Un an de clubbing sous corona: état des lieux dans le secteur de la nuit

Murder on the dancefloor? Le secteur de la nuit attend désespérément son réveil. © Getty Images/iStockphoto
Laurent Hoebrechts
Laurent Hoebrechts Journaliste musique

Un an après le premier confinement, les pistes de danse restent toujours désespérément vides. Comment les clubs et le monde de la nuit ont-ils tenu le choc? Coup de sonde dans un secteur qui ne sait plus sur quel pied… danser.

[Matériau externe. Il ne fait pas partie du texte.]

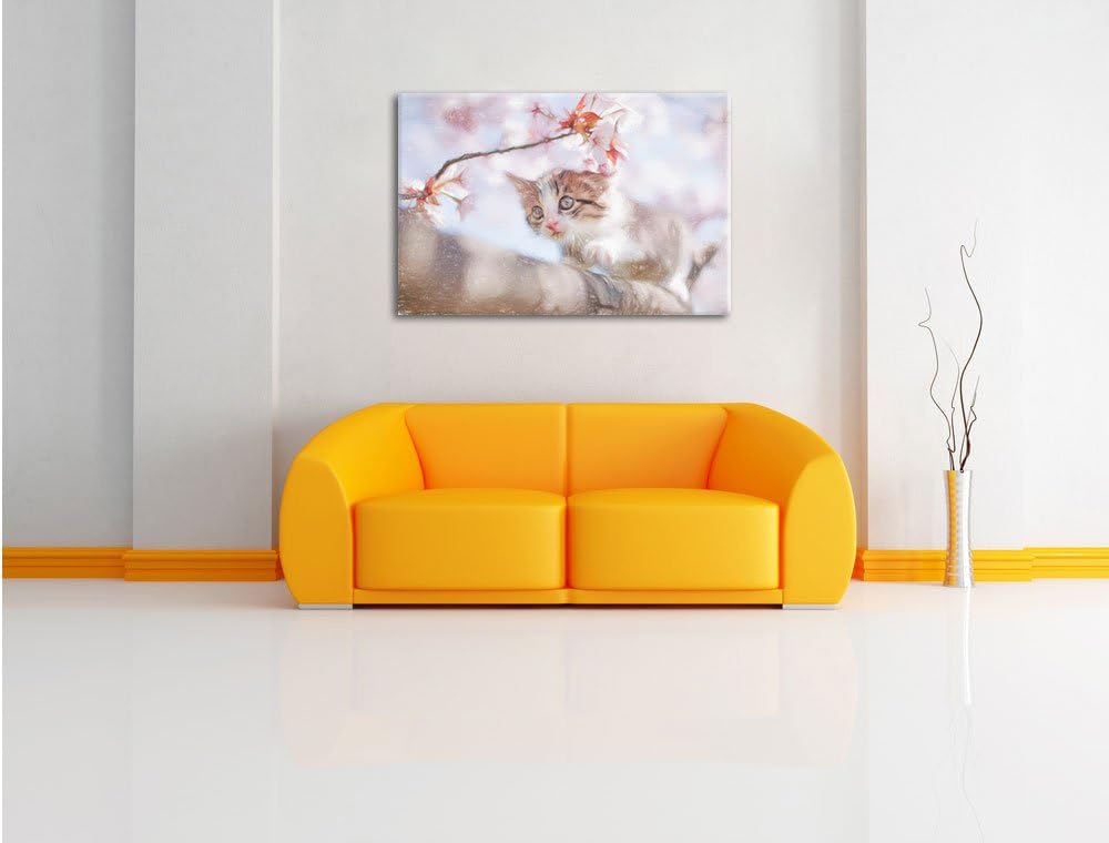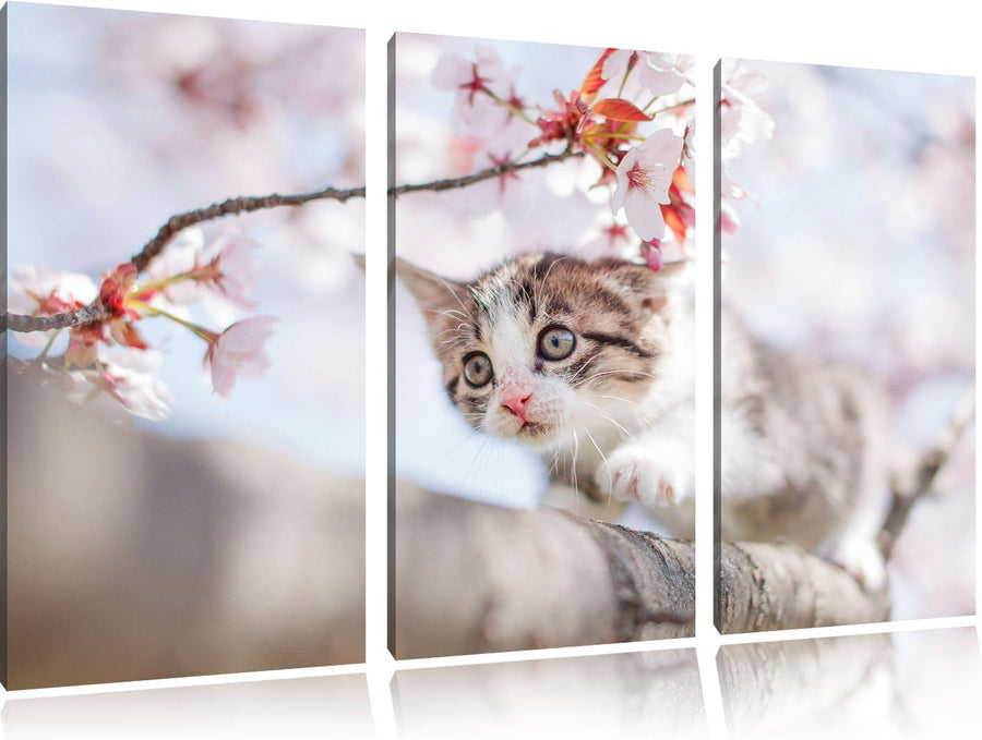 Pixxprint Süsses Kätzchen im Kirschbaum Kunst als Leinwandbild 3 teilig/Grösse: 3 Teilig (120x80) /

« Que faire de ses week-ends quand il n’y a plus moyen de sortir en club? Déjà, on redécouvre le principe du samedi matin« , rigole Zoé Devaux. En l’occurrence, ce jour-là, elle s’est levée pour rejoindre la manifestation Still standing for culture, organisée à Bruxelles, sur la place du Jeu de Balle. Elle n’habite pas très loin de là. « Du côté de la gare du Midi. Quand j’ai emménagé, c’était d’ailleurs parfait. Je pouvais sortir à pied au Fuse, au C12, c’était génial. » Et puis, du jour au lendemain, les clubs ont dû fermer. Depuis lors, la piste de danse est restée muette. Au beau milieu de sa vingtaine, Zoé a « l’impression de se faire voler des moments précieux« . Diplômée en journalisme, passionnée de musiques électroniques, elle a toujours pensé évoluer dans ce milieu-là. « J’ai eu un contrecoup quand j’ai réalisé que le secteur dans lequel je voulais bosser pouvait s’arrêter aussi brutalement. »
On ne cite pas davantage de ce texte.